Op 16 oktober 2025 heeft de Rechtbank Amsterdam uitspraak gedaan in een zaak betreffende de uitvoering van een Europees aanhoudingsbevel (EAB) dat was uitgevaardigd door de District Court in Wrocław, Polen. Het EAB, dat dateert van 22 februari 2024, verzoekt om de aanhouding en overlevering van een opgeëiste persoon, geboren in Polen in 1991, die momenteel gedetineerd is in Nederland. De rechtbank heeft de behandeling van het EAB op 2 oktober 2025 gehouden, waarbij de opgeëiste persoon aanwezig was, bijgestaan door zijn raadsman, mr. J.W. Ebbink, en een tolk in de Poolse taal. De rechtbank heeft de termijn voor uitspraak verlengd en de gevangenhouding bevolen.
De rechtbank heeft vastgesteld dat de opgeëiste persoon niet in persoon is verschenen bij het proces dat heeft geleid tot het vonnis in Polen, maar heeft besloten om af te zien van de bevoegdheid om de overlevering te weigeren. Dit besluit is genomen op basis van de omstandigheden rondom de oproeping voor de zitting in Polen, die niet is afgehaald, en de verplichtingen van de opgeëiste persoon om bereikbaar te zijn voor de Poolse justitiële autoriteiten. De rechtbank concludeert dat de opgeëiste persoon op de hoogte was van de procedure en dat de overlevering geen schending van zijn verdedigingsrechten oplevert.
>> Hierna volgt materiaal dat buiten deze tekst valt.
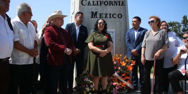 Playas de Rosarito, B.C. 29 de junio de 2023. La presidente municipal, Araceli Brown Figueredo acompañada de integrantes del Comité Pro Municipio, encabezó la celebración por el 28 Aniversario de la Municipalización de Playas de Rosarito, en el obelisco creado para conmemorar esta fecha donde las autoridades depositaron como ofrenda, un ramo de flores.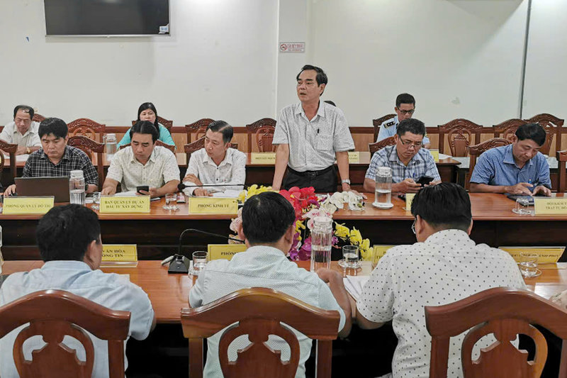 Ảnh: Lãnh đạo phòng Tài nguyên và Môi trường thành phố Rạch Giá phát biểu về giải pháp đẩy nhanh tiến độ giải quyết thủ tục hành chính trên lĩnh vực nhà ở và đất đai trên địa bàn thành phố
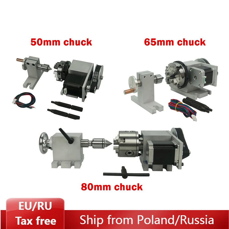 4-й Зажимной патрон с 4 осями вращения 50 мм 65 мм 80 мм и задняя часть с 42 57 шаговым двигателем для маршрутизатора с ЧПУ 3040 6040 8060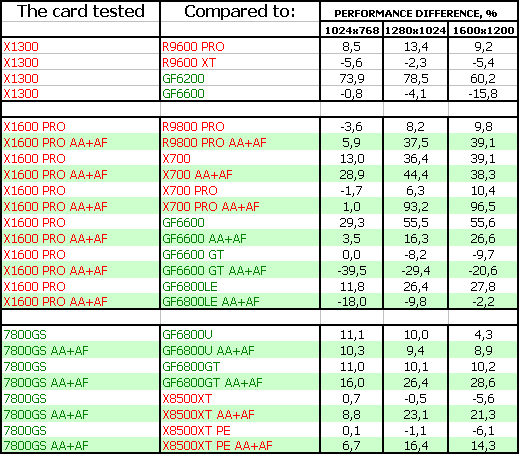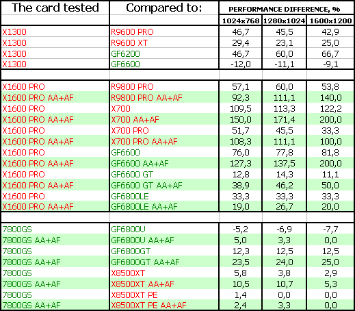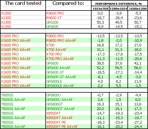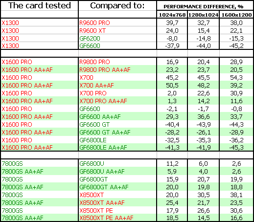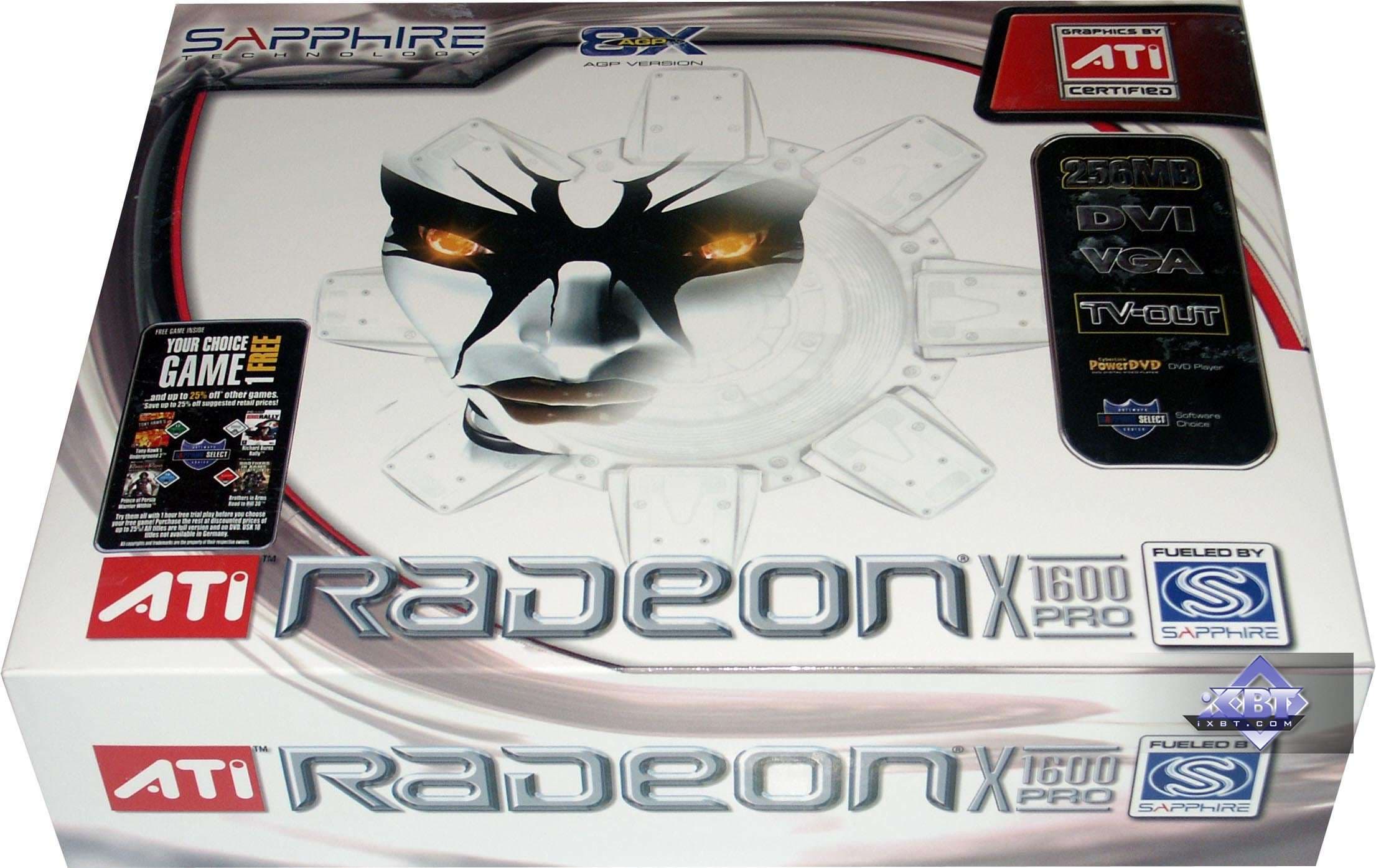 - Sapphire RADEON X1600 PRO 256MB AGP — продукт более долгожданный, чем остальные от ATI, поскольку дает еще оставшимся на AGP пользователям ускоритель среднего уровня в ценовом диапазоне 130 долларов, полноценно поддерживающий шейдеры 3.0, а также успешно конкурирующий с GeForce 6600/6600 GT (кроме ряда тестов). И даже GeForce 6800LE обойден в некоторых испытаниях.

De rechtbank heeft verder vastgesteld dat de feiten waarvoor de overlevering wordt verzocht, onder de Nederlandse wetgeving als strafbaar zijn gekwalificeerd, namelijk als diefstal door twee of meer verenigde personen, meermalen gepleegd. De rechtbank heeft geoordeeld dat er geen weigeringsgronden zijn die zich verzetten tegen de overlevering en heeft deze derhalve toegestaan. De uitspraak is openbaar uitgesproken en er staat geen gewoon rechtsmiddel open tegen deze beslissing.